# Given data
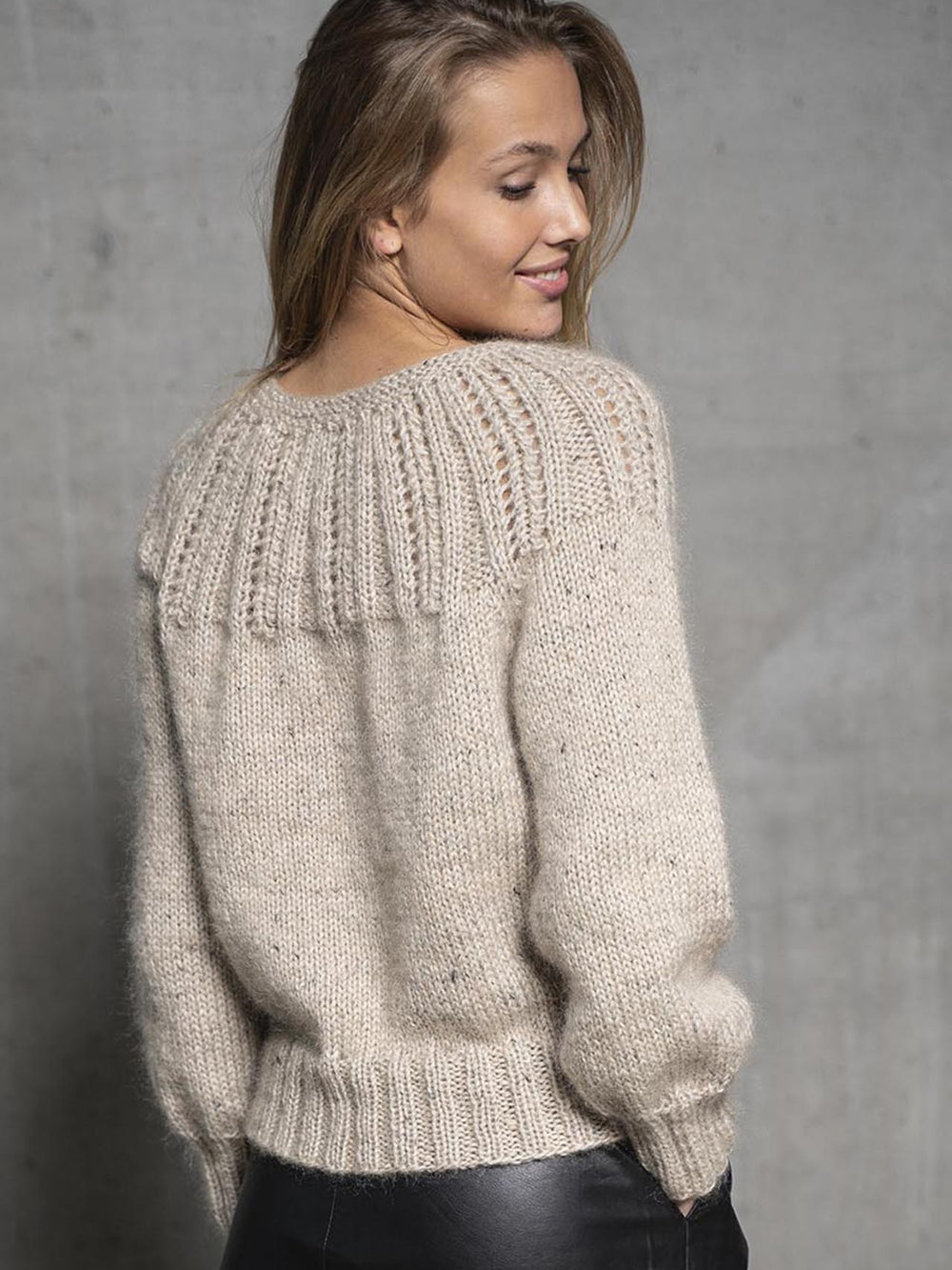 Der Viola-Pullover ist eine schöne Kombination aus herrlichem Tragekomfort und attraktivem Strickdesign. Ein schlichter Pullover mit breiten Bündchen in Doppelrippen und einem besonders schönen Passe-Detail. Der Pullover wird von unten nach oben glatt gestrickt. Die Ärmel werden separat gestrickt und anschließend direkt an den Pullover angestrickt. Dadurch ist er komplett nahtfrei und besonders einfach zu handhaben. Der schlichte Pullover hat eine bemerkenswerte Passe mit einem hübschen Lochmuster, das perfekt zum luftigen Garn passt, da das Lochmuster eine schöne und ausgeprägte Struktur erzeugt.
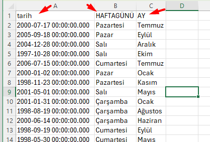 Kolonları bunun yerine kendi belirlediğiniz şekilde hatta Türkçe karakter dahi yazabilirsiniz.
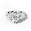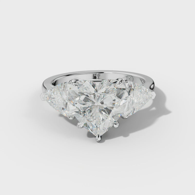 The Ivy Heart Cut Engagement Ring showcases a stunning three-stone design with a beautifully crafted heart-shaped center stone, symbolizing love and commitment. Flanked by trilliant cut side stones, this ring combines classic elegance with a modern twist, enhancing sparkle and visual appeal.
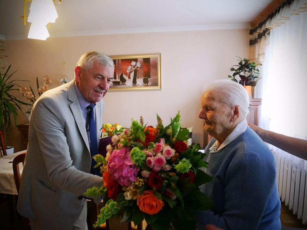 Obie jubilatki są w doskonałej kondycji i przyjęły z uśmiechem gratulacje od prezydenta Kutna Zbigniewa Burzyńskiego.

# Exercise description
The listing above must be printed again exactly, minus its pictures.

# Output of the task
 Der Viola-Pullover ist eine schöne Kombination aus herrlichem Tragekomfort und attraktivem Strickdesign. Ein schlichter Pullover mit breiten Bündchen in Doppelrippen und einem besonders schönen Passe-Detail. Der Pullover wird von unten nach oben glatt gestrickt. Die Ärmel werden separat gestrickt und anschließend direkt an den Pullover angestrickt. Dadurch ist er komplett nahtfrei und besonders einfach zu handhaben. Der schlichte Pullover hat eine bemerkenswerte Passe mit einem hübschen Lochmuster, das perfekt zum luftigen Garn passt, da das Lochmuster eine schöne und ausgeprägte Struktur erzeugt.
 Kolonları bunun yerine kendi belirlediğiniz şekilde hatta Türkçe karakter dahi yazabilirsiniz.
 The Ivy Heart Cut Engagement Ring showcases a stunning three-stone design with a beautifully crafted heart-shaped center stone, symbolizing love and commitment. Flanked by trilliant cut side stones, this ring combines classic elegance with a modern twist, enhancing sparkle and visual appeal.
 Obie jubilatki są w doskonałej kondycji i przyjęły z uśmiechem gratulacje od prezydenta Kutna Zbigniewa Burzyńskiego.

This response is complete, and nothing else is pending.